Un taux d'épargne toujours élevé
Si le taux d’épargne général a reculé par rapport aux sommets atteints durant les périodes des confinements et de restrictions sanitaires, il reste nettement supérieur à son niveau d’avant pandémie. Outre le maintien d’une surépargne, le retour de la hausse des prix, son maintien à un niveau élevé, et ses conséquences sur la politique monétaire ont poussé les épargnants à changer de stratégies dans la gestion de leurs économies. Pour comprendre les mécanismes et transferts qui se sont mis en place, un détour sur les rouages des circuits de l’épargne est nécessaire. L’épargne est un résidu pour le plus grand nombre du moins, c’est la partie non consommée du revenu disponible brut, c’est-à-dire après paiement des impôts et cotisations sociales et le versement des prestations sociales. Augmentée de l’endettement nouveau net des remboursements, elle sert essentiellement à financer l‘achat de logements neufs et à faire des placements financiers sous forme de produits de taux (dépôts à vue, Livret A, etc.) ou de produits de fonds propres (comme les actions ou l’assurance-vie en unité de compte).

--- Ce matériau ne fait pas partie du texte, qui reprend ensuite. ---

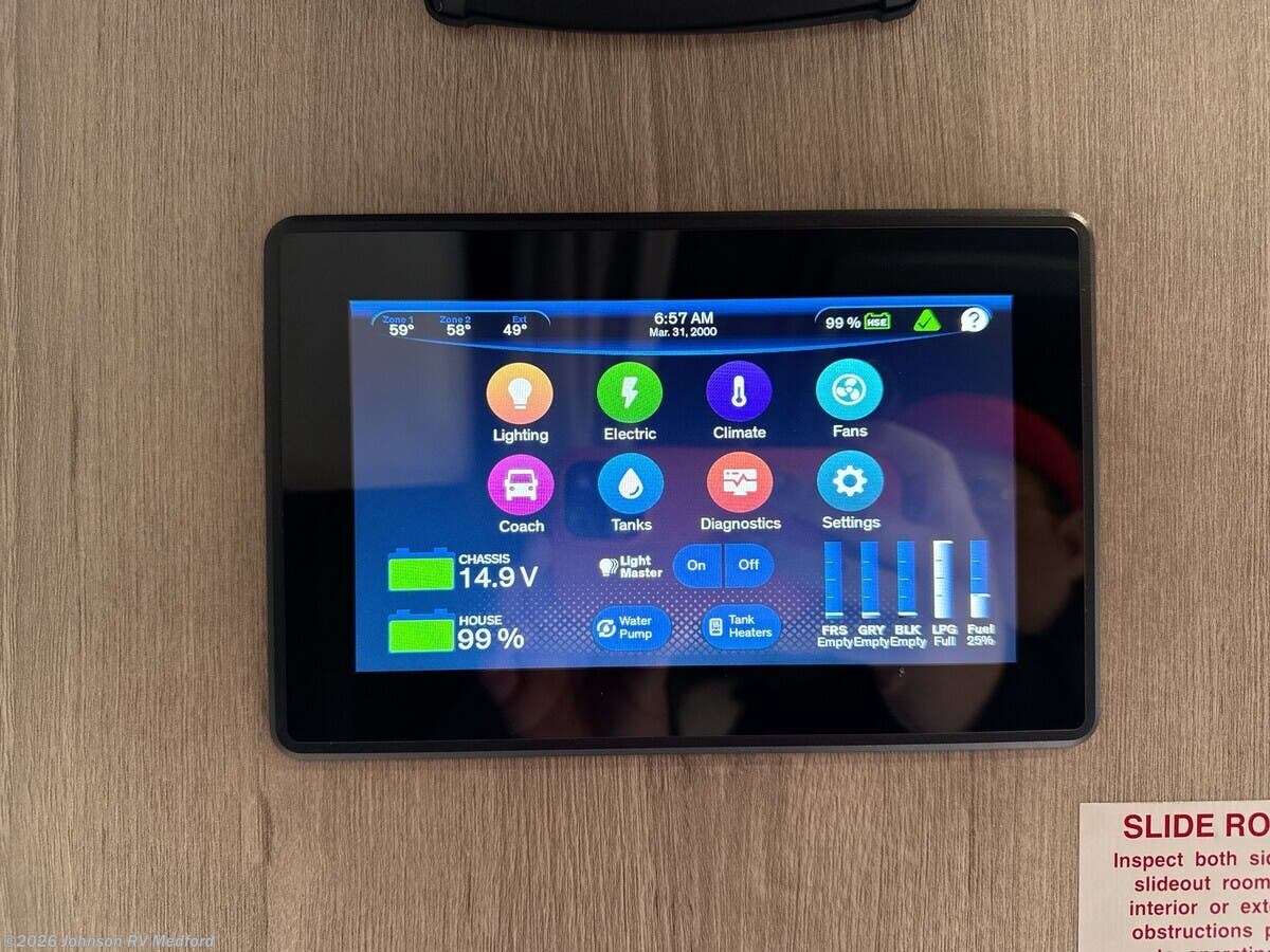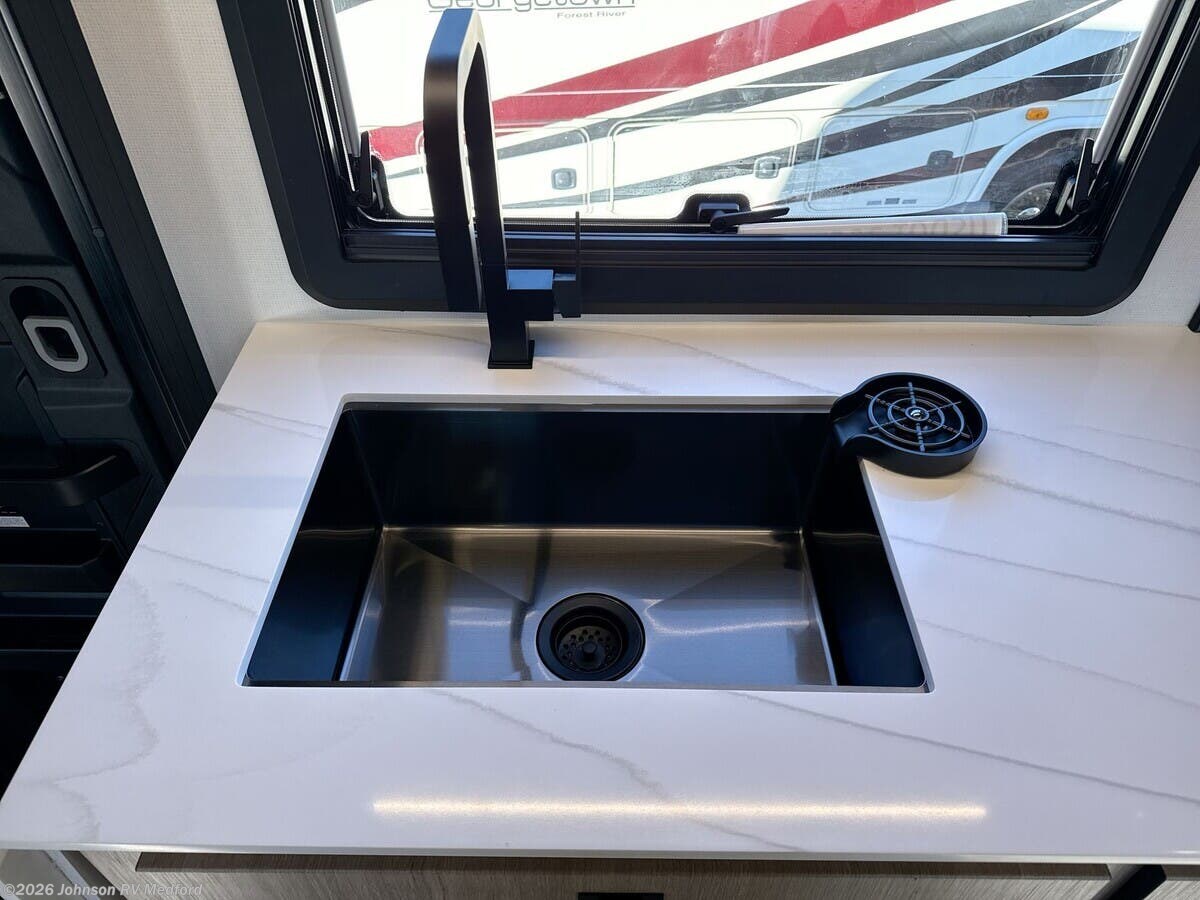Features Include: 7.2-Gal DEF Tank, Sofa (vbm), Pantry, Cooktop, Outdoor TV Sleeping, King Bed 70x80, Overbed Storage, Reading Lights, Wardrobe and Drawers, TV, Vanity Sink, Shower, Toilet Mechanicals, 50-Amp Service Cord, 1000w Solar, 310Ah Batteries, LPG 20.3-Gal 86#, 30k Furnace, Two 15k AC Units, Tankless Hot Water

Baisse des investissements immobiliers mais hausse de l’épargne financière
Côté logements, la tendance est à la baisse. Entre des taux d’intérêt qui ont décollé de leurs planchers et se situent légèrement en dessous de 4% et des banques plus sélectives, la capacité des particuliers à investir s’est réduite. Cela se voit notamment à travers le tarissement des flux des crédits nouveaux à l’habitat tombés à leur plus bas niveau depuis le 1er confinement de 2020 et des encours qui plafonnent. Le reflux de la part de l’investissement construction dans le revenu des ménages est bien le signe que l’effort a été relâché de ce côté-là.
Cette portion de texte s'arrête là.